### Task
Beginning at the line that contains "Indigo Lavender Farms" and finishing at the line that contains "上期消费提醒:相信一些朋友已", output the data below exactly. Include both end lines and no pictures.

### Data for this task

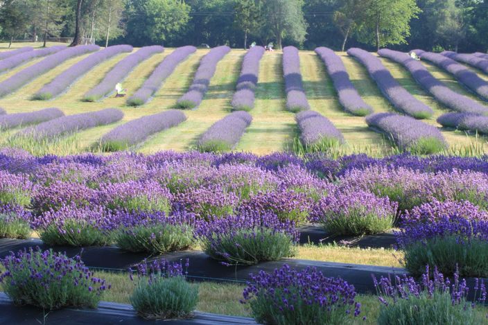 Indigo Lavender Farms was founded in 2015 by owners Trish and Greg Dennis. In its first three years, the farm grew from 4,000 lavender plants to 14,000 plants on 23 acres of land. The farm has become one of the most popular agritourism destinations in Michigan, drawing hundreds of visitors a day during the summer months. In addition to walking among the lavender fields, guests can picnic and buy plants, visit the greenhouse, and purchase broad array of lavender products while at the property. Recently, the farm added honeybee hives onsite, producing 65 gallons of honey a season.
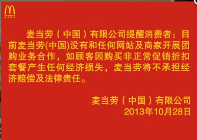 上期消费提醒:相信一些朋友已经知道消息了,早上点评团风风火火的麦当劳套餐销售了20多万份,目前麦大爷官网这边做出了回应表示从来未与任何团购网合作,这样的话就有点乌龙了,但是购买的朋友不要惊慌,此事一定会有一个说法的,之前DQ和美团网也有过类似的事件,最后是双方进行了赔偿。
==
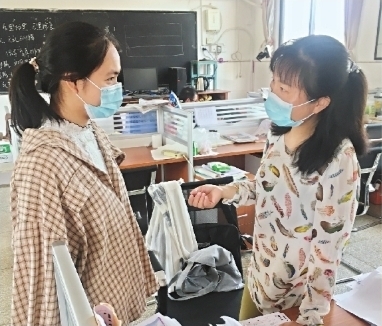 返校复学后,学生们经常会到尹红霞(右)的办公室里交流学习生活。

### Solution for this problem
 Indigo Lavender Farms was founded in 2015 by owners Trish and Greg Dennis. In its first three years, the farm grew from 4,000 lavender plants to 14,000 plants on 23 acres of land. The farm has become one of the most popular agritourism destinations in Michigan, drawing hundreds of visitors a day during the summer months. In addition to walking among the lavender fields, guests can picnic and buy plants, visit the greenhouse, and purchase broad array of lavender products while at the property. Recently, the farm added honeybee hives onsite, producing 65 gallons of honey a season.
 上期消费提醒:相信一些朋友已经知道消息了,早上点评团风风火火的麦当劳套餐销售了20多万份,目前麦大爷官网这边做出了回应表示从来未与任何团购网合作,这样的话就有点乌龙了,但是购买的朋友不要惊慌,此事一定会有一个说法的,之前DQ和美团网也有过类似的事件,最后是双方进行了赔偿。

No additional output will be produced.